Since 1973, Delray Beach, located on the southeast coast of Florida, U.S.A, has been periodically nourished. The morphological evolution of these nourishments has been influenced by design aspects (e.g., changes in shoreline orientation), extreme events (hurricanes, northeastern storms), and dredging of offshore borrow areas created to provide the nourishment sediments.

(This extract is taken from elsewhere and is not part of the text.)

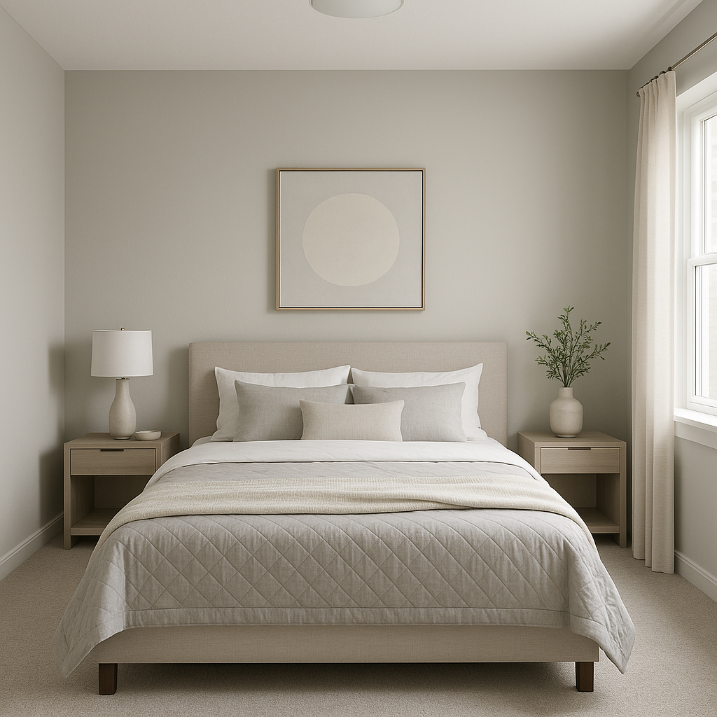 Pearl Gray provides a sophisticated foundation for living rooms. Pair it with plush furniture in warm neutrals or jewel tones to create a space that feels both elegant and inviting. Add metallic accents like brushed nickel or chrome to enhance its cool undertones.
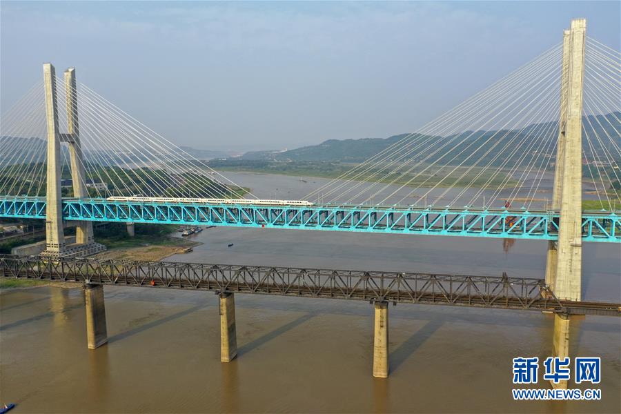 一列高鐵列車從新白沙沱長(zhǎng)江特大橋上駛過(4月23日無人機(jī)拍攝)。 4月23日下午5點(diǎn)40分,隨著重慶白沙沱長(zhǎng)江大橋通行的最后一列客運(yùn)列車順利通過,這座“服役”了59年的重慶首座長(zhǎng)江大橋進(jìn)入“退役”倒計(jì)時(shí)。4月24日后,所有列車將改線經(jīng)距白沙沱長(zhǎng)江大橋約100米的新白沙沱長(zhǎng)江特大橋通行,新橋“接力”老橋,運(yùn)輸能力將得到大幅提升。 白沙沱長(zhǎng)江大橋于1958年開工,1960年通過首趟列車,是繼武漢長(zhǎng)江大橋之后的第二座長(zhǎng)江大橋。 新華社記者 劉潺 攝

This paper describes a thorough analysis of the physical processes influencing nourishment performance using the process-based model Delft3D. The analysis distinguishes three steps: (1) a wave analysis, (2) a hydrodynamic analysis, and (3) a morphological analysis. The wave analysis shows that the oldest, deeper, borrow pits (dredged in 1973 and 1978) have the largest effect on the nearshore wave climate, while the effects of the reefs can be considered negligible. Results from the hydrodynamic analysis indicate that differences in wave height cause variations in alongshore current velocities related to differences in wave setup and local wave angle. The morphologic analysis also shows a large influence of the older borrows on fill performance. Bar formation behind the borrows is predicted by the model; however, this feature couldn't be confirmed with 300-m spaced beach profile data. Higher current velocities were predicted in the shadow zone behind borrow areas because of gradients in wave-induced water levels and changes in wave direction induced by the borrows. The higher than average erosion in the southern end of the fill appears to be caused by changes in shoreline orientation and to a lesser degree, borrow area effects.
Modeling played a key role in understanding the observed morphological development of the fill. The use of different bathymetric scenarios proved to be a useful method in isolating the physical processes relevant to nourishment performance and assessing their relative effects.